» **Exercise details**:
Copy exactly the lines of the data below, beginning with the line with "1902年溫州話羅馬字馬可福音 馬可福音 10 章 15 節到 10 章 38 節" and ending with the line with "Perfect for a". Pictures are to be omitted.

*** Opening of The input ***

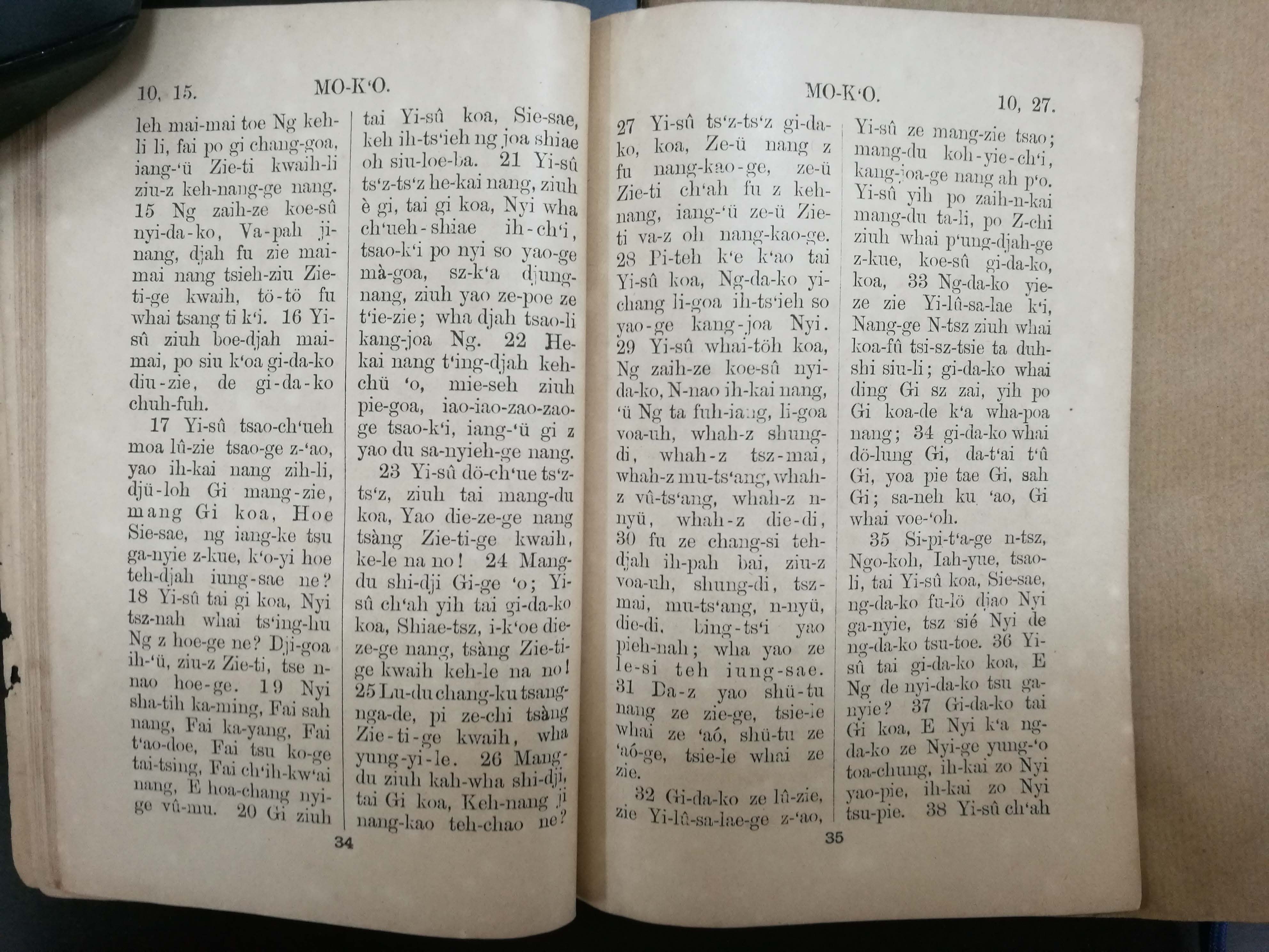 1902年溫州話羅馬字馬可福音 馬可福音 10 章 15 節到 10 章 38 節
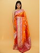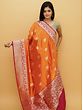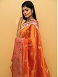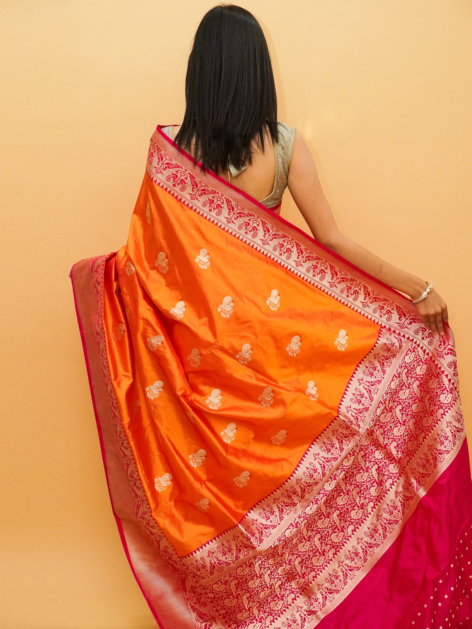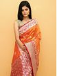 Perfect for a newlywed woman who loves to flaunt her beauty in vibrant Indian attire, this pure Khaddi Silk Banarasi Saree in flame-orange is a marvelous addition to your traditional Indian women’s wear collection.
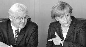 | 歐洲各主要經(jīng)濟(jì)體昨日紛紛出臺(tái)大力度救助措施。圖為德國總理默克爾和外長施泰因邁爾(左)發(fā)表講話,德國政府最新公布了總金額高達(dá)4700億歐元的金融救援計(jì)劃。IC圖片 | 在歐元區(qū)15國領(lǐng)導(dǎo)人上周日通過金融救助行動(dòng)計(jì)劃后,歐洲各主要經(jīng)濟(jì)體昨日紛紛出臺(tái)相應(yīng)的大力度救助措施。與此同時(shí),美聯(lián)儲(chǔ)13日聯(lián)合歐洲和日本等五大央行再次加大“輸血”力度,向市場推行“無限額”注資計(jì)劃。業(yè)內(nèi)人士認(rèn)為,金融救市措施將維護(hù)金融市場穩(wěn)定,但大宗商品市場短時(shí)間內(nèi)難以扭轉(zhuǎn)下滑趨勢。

*** Close of The input ***
*** Opening of The input ***

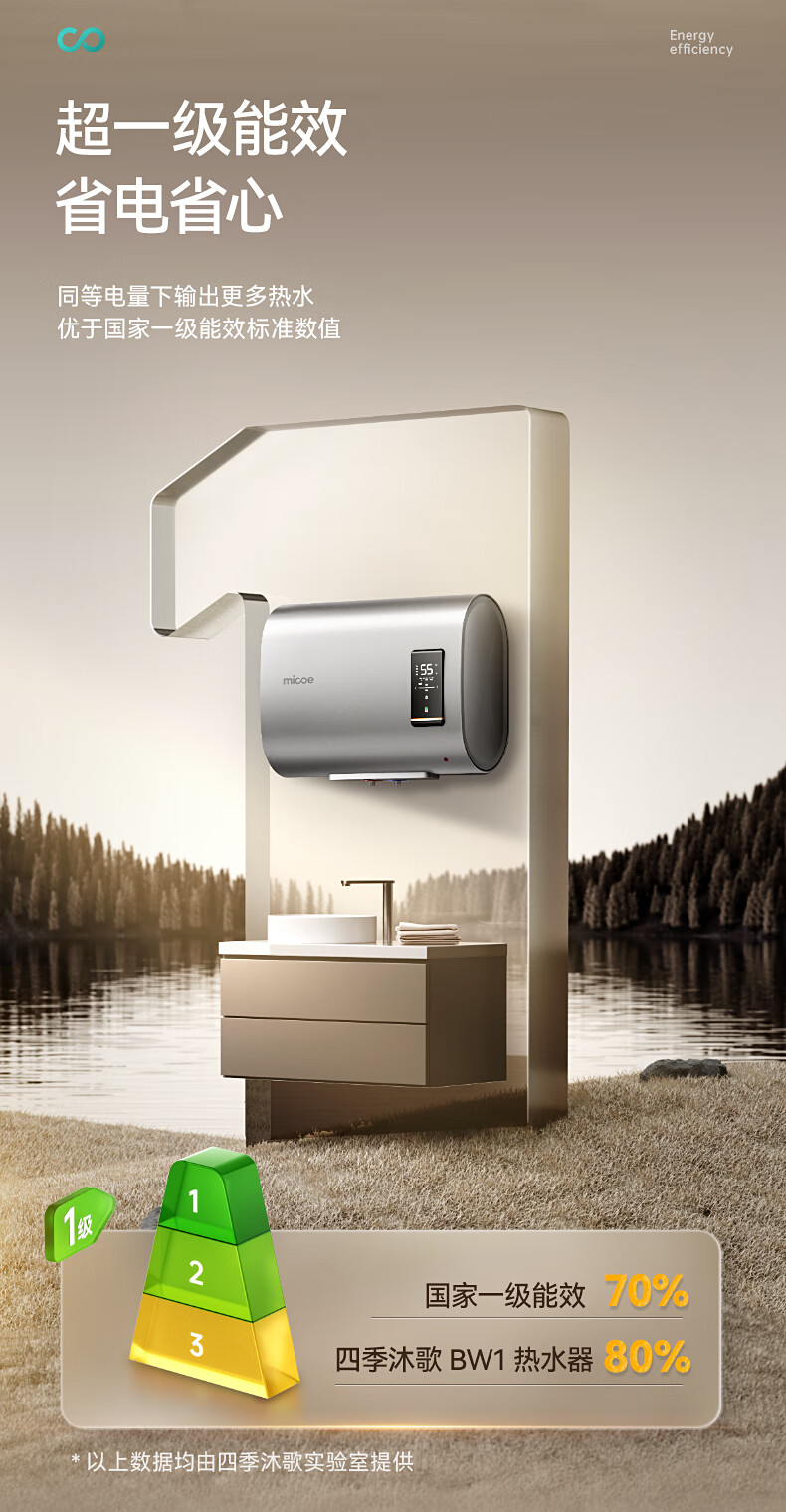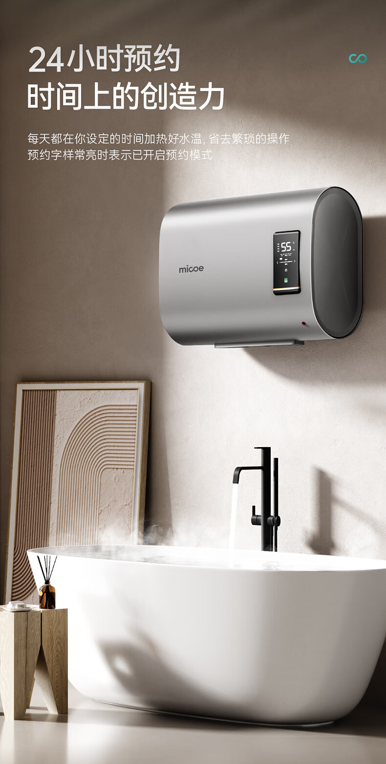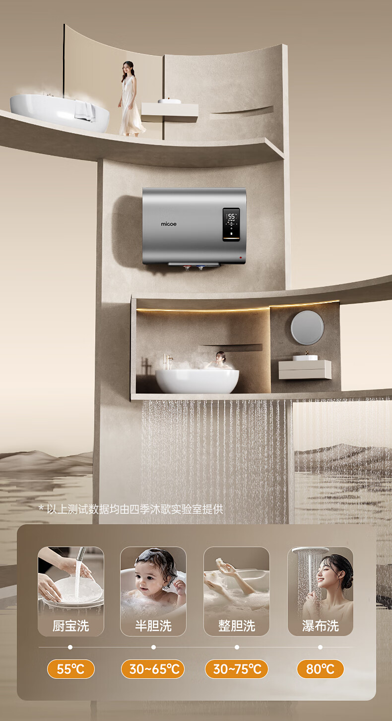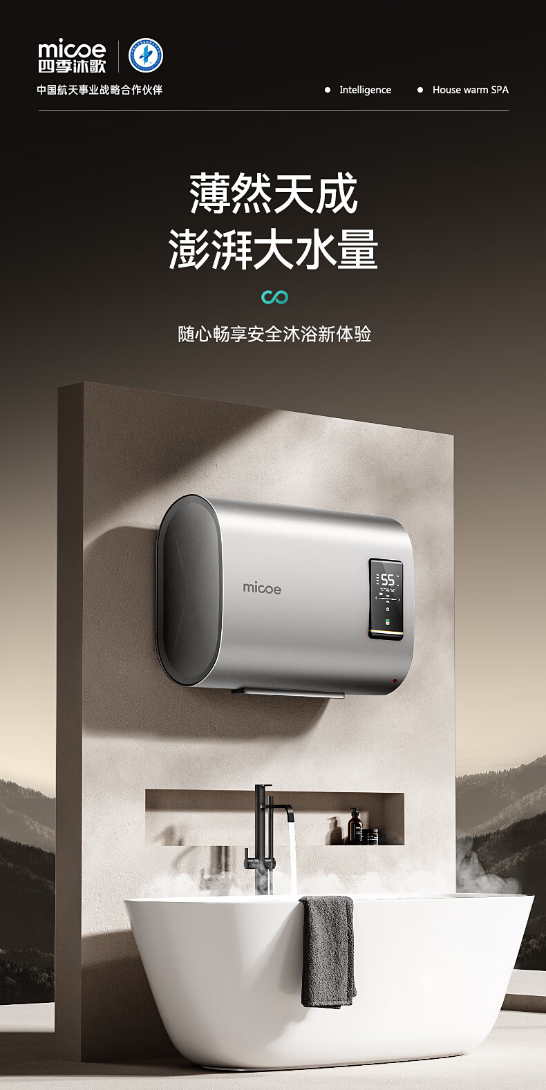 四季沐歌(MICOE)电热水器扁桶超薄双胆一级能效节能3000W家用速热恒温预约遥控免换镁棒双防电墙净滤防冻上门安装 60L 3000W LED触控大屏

*** Close of The input ***

» **Solution for this task**:
 1902年溫州話羅馬字馬可福音 馬可福音 10 章 15 節到 10 章 38 節
 Perfect for a newlywed woman who loves to flaunt her beauty in vibrant Indian attire, this pure Khaddi Silk Banarasi Saree in flame-orange is a marvelous addition to your traditional Indian women’s wear collection.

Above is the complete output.